Therefore, when the lower metal panel 60 and the insulating body 30 are integrated as a whole as shown in FIG. 5, the two corresponding internal bending boards 62b of the lower metal panel 60 are embedded and engaged precisely with the embedding section 32a being disposed on both sides of the insulating body 30 and having a guide track function and thus limiting and fixing the insulating body 30 and integrating with the lower metal panel 60 as a whole.

In view of the above, the panel 61 of the lower metal panel 60 is defined as the bottom of the embedding groove 34 of the insulating body 30, after the lower metal panel 60 and the insulating body 30 are integrated as a whole, and thus providing a metal housing for the bottom of the insulating body 30.

In the meantime, the sidewalls 32 on both sides of the insulating body 30 keep a predetermined distance from the external bending boards 62a on both sides of the panel 61 of the lower metal panel 60 as shown in FIG. 5 to define a sliding space 66 in the shape of a sliding groove as shown in FIGS. 2, 3 and 7. In addition to accommodating the wings 42 on both sides of the movable lid 40 of the FPC connector 20, the external bending boards 62a of the lower metal panel 60, the side wall 32 of the insulating body 30 and the wing 42 of the movable lid 40 mutually define a sliding mechanism by such assembling structure, so that the movable lid 4 corresponding to the insulting body 30 of the FPC connector 2 shall be pulled out or pushed in.

To strengthen the assembling structure between the insulating body 30 and the lower metal panel 60, the present invention also provides another embodiment for the structure of the lower metal panel 60 to go with the structure of the insulating body 30. As shown in FIGS. 4 and 5, a tenon groove 62e is disposed on a vertical surface of the internal bending board 62b of the lower metal panel 60, so that the latch member 32b of the insulating body 30 is latched into the tenon groove 62e of the lower metal panel 60 to achieve the effective of securing the assembling structure between the insulating body 30 and the lower metal panel 60.

Alternatively, as shown in FIGS. 4, 7 and 8, an insert pin 64 is protruded from the panel 61 of the lower metal panel 60. The insert pin 64 of the lower metal panel 60 is embedded into a channel structure 33b of the insulating body 30 when the lower metal panel 60 and the insulating body 30 are integrated as a whole. By embedding the insert pin 64 of the lower metal panel 6 into the channel structure 33b of the insulating body 30, the present invention achieves the effect of strengthening the assembling structure between the insulating body 30 and the lower metal panel 60.

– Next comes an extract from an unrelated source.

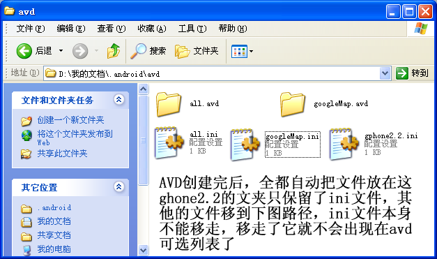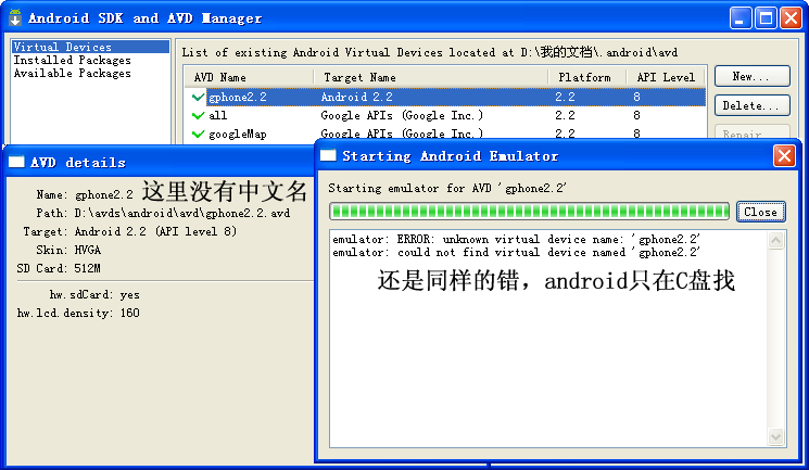 废话少说,我用是目前最新版2.2,使用"android sdk and avd manager"创建AVD(这些步骤完全是图形化的操作,不需要再像1.5那样使用命令行了),启动AVD,出现找到不文件的错误,NND,创建过程也没有出错,到硬盘看到,文件也好好的躺在那,就是提示找不到,偶然想起“梁山无用”的视频,他的AVD创建后是默认放C盘的,我的在D盘,我的系统盘也是C盘,但是我在安装完OS后,将所有有用的文件夹都迁到了D盘,如“我的文档”,所以,AVD自动创建到D盘上了,我试着将其复制到C盘C:\Documents and Settings\Administrator目录中,问题解决了,Administrator是当前登陆用户。汗啊,andriod......
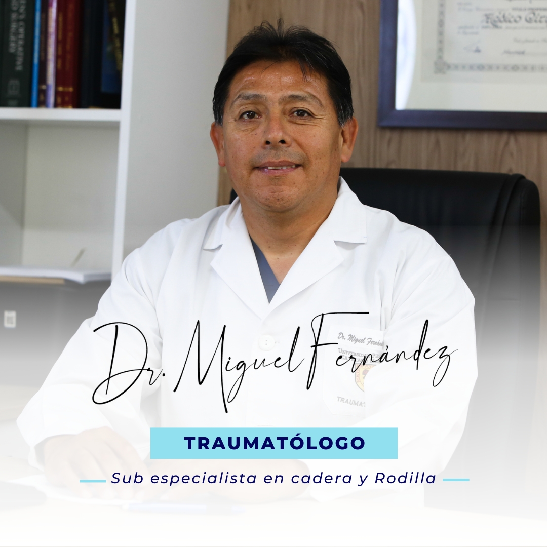 El Dr. Miguel Fernández Castillo es cirujano ortopédico especializado en enfermedades y trastornos de la Cadera, Rodilla y Medicina Deportiva. Se graduó de medico cirujano general en la Facultad de Medicina de la Universidad Católica Santa María de Arequipa. Realizó su especialización en Ortopedia y Traumatología en el Hospital Cayetano Heredia de Lima, titulo otorgado por la Universidad Peruana Cayetano Heredia (UPCH) de Lima Perú.

Further, a pair of grounding pins 65 is outwardly protruded from the panel 61 of the lower metal panel 6 as shown in FIG. 7. If the FPC connector 20 of the present invention is built on the printed circuit board 90, the pair of grounding pins 65 of the lower metal panel 60 and the printed circuit board 90 constitutes a grounding status, so that the whole metal housing of the FPC connector 20 is grounded.

In the meantime, a contact member 63 is protruded from the surface of the panel 61 of the lower metal panel 60 and has a slight resilience as shown in FIGS. 7 and 8. If the movable lid 40 is pushed into the embedding groove 34 of the insulating body 30, then a contact panel 81a of a grounding metal panel 80 on the guide board 41 of the movable lid 40 will be electrically connected with a contact member 63 of the lower metal panel 60. The grounding status defined by grounding the pair of grounding pins 65 of the lower metal panel 60 constitute a grounding status for the FPC connector 20.

Referring to FIGS. 4 and 5, to facilitate embedding and engaging the two corresponding internal bending boards 62b of the lower metal panel 60 onto the embedding section 32a of the insulating body 30 when the lower metal panel 60 and the insulating body are assembled, the internal bending board 62b of the lower metal panel 60 comes with a first bending board 62c and a second bending board 62d by means of building the latch groove 62e to facilitate embedding the insulating body 30. The second bending board 62d is longer then the bending section as shown in FIGS. 5 and 7. If another upper metal panel 70 is assembled to the insulating body 30 thereafter, the bent section of the second bending board 62d of the lower metal panel 60 will be in contact with the upper metal panel 70, such that the whole metal housing of the FPC connector 20 is grounded.

As shown in FIGS. 4 to 7 the upper metal panel 70 of this present invention has a long panel 71, a bending section 72b individually bent downward and disposed on both sides of the panel 71 of the upper metal panel 70, and an insert pin 72c protruded from the front end of each bending section 72b.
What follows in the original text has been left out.